FXCanary rates Markethouse at 75/100 scam risk (Severe risk), based on regulation & licensing, fund-safety signals, company transparency, complaint history and real user feedback.
See the open scoring breakdown →
Pros
- No standout strengths identified
Cons
- All retail traders
- Anyone seeking a regulated broker
- Traders prioritizing fund safety
Account types & conditions
Account tiers and trading conditions on record for Markethouse.
| Account | Min. deposit | Max. leverage | Min. spread | Commission |
|---|---|---|---|---|
| ELITE | $50,000-$100,000 | -- | -- | -- |
| PREMIUM | $25,000-$50,000 | -- | -- | -- |
| PRO | $5,000-$25,000 | -- | -- | -- |
| BASIC | $500-$5,000 | -- | -- | -- |
How FXCanary Reviewed Markethouse
When assessing a broker, FXCanary follows a rigorous, evidence-based process. For Markethouse, we cross-checked the company’s registration records, scoured public financial regulator databases, analyzed the real-user review record across multiple platforms, and examined aggregated industry warnings. Our investigation draws on structured data such as ownership details, licensing claims, and account conditions, as well as qualitative feedback from traders who have actually deposited money with the firm.
We paid particular attention to the Dutch regulatory landscape because Markethouse lists its address in Amsterdam. We queried the AFM register, the DNB register, and international regulatory lists to verify any claim of oversight. None was found. The resulting picture is a broker that operates without any meaningful supervision and whose clients report a litany of serious problems—from blocked withdrawals to outright fraud.

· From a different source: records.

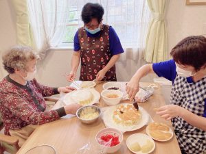 さくらの家マウントバード通信 敬老会&お誕生日&親睦会!! 敬老のお祝いと お誕生日会と 1,2階の親睦会を ごちゃ混ぜでおこないました! 今回は、タコパ☆ 焼きたてのタコ焼きは 美味しい美味しい!と、 皆さまモリモリ召し上がっていました♪ おやつには、フルーツ盛りだくさんのデコケーキ♪ 皆さん良い笑顔 (^o^)丿 お腹いっぱいな一日となりました
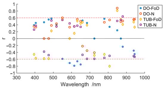 To establish an inversion model with high accuracy, the Pearson correlation coefficient was carried out to the measured DO and TUB and the normalized (N) and first-order differential (FoD) water spectral reflectance to obtain the sensitive bands of DO and TUB. The correlation coefficient is shown in Figure 7.
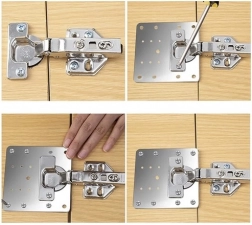 Setul conține 4 plăci și șuruburi pentru montaj, care sunt compatibile cu majoritatea balamalelor de mobilier de pe piață.

Company Background & Registration: A Thin Veneer
Markethouse was founded on August 25, 2023, and claims a registered address at the World Trade Center Amsterdam, Strawinskylaan 1, 1077 XW Amsterdam. This is a well-known business center that hosts many legitimate companies, but also serves as a virtual office location for countless shell entities. The broker reports having zero employees, which is a striking figure for a firm purporting to serve international retail traders with complex financial products.

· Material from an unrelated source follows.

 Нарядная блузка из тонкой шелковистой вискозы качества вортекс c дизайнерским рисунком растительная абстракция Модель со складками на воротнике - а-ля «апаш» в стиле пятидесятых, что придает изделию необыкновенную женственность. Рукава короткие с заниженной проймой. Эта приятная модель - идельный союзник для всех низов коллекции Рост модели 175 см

A company with no staff cannot realistically provide the compliance, customer support, dealing desk, and technical infrastructure required to operate a legitimate brokerage. The address may be nothing more than a maildrop, a common tactic used by scam operations to project an image of legitimacy while remaining virtually untraceable. Combined with the broker’s youth—it has been in existence for less than two years as of this writing—there is no track record, no reputation, and no assurance of longevity.

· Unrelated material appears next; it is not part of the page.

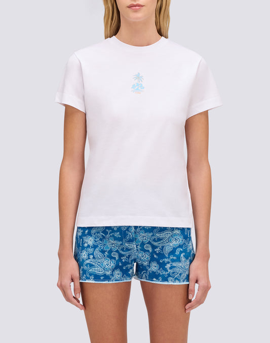 CAMISETA DE MUJER CON IBISCO BORDADO Y ESTAMPADO

Regulatory Status: A Complete Void
Our review confirmed that Markethouse holds no valid license from any recognized financial regulator. It is not authorized by the AFM in the Netherlands, nor is it registered with any other European Union member-state authority under passporting arrangements. A search of global regulators—including the FCA (UK), CySEC (Cyprus), ASIC (Australia), and the FSCA (South Africa)—yielded no results.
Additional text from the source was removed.